» PROBLEM
Please return the lines, both ends included, that run from the one containing "3D 预览/测试打光/最终图像" to the last line of the data below, exactly and alone.

» THE INPUT
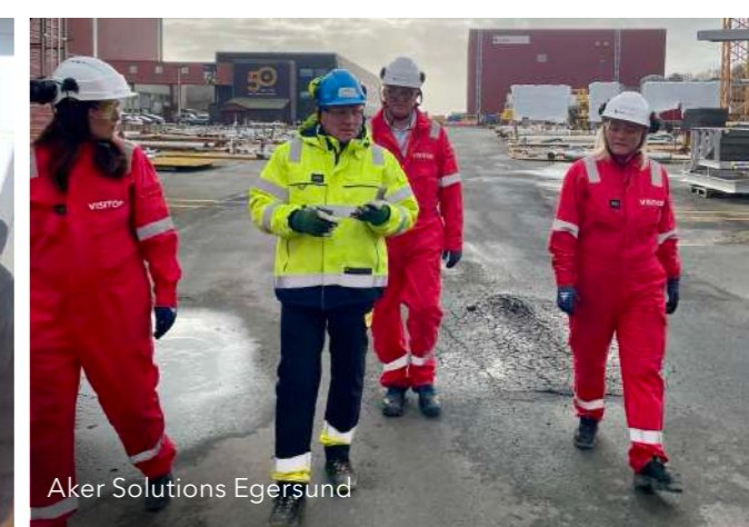
Aker Solutions Egersund
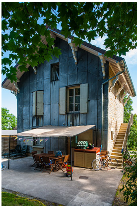
Villa Les Perrières : façade postérieure, logement.

39, Lons-le-Saunier, 410 montée Gauthier Villars
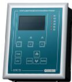
Рис. 4 Внешний вид и схема пломбирования индикатора ЭТД-01
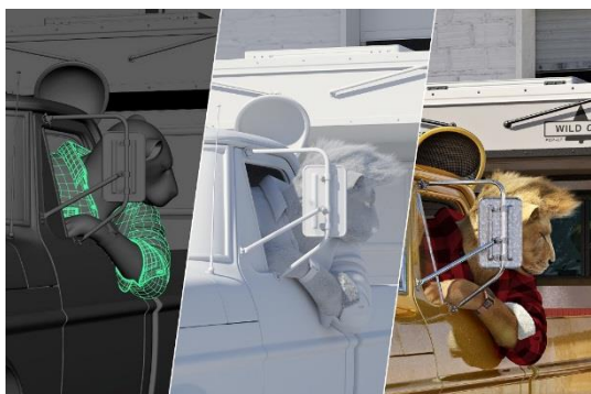
3D 预览/测试打光/最终图像

创作过程完全不是循序渐进，因为每个步骤都必须一再进行测试，才能制作出 Müller 构思的成品图像。整合多如牛毛的细节还须要花费大量时间；“Rides of the Wild”（狂野飙风）系列从头到尾历时将近三年才完成。

» OUTPUT
3D 预览/测试打光/最终图像

创作过程完全不是循序渐进，因为每个步骤都必须一再进行测试，才能制作出 Müller 构思的成品图像。整合多如牛毛的细节还须要花费大量时间；“Rides of the Wild”（狂野飙风）系列从头到尾历时将近三年才完成。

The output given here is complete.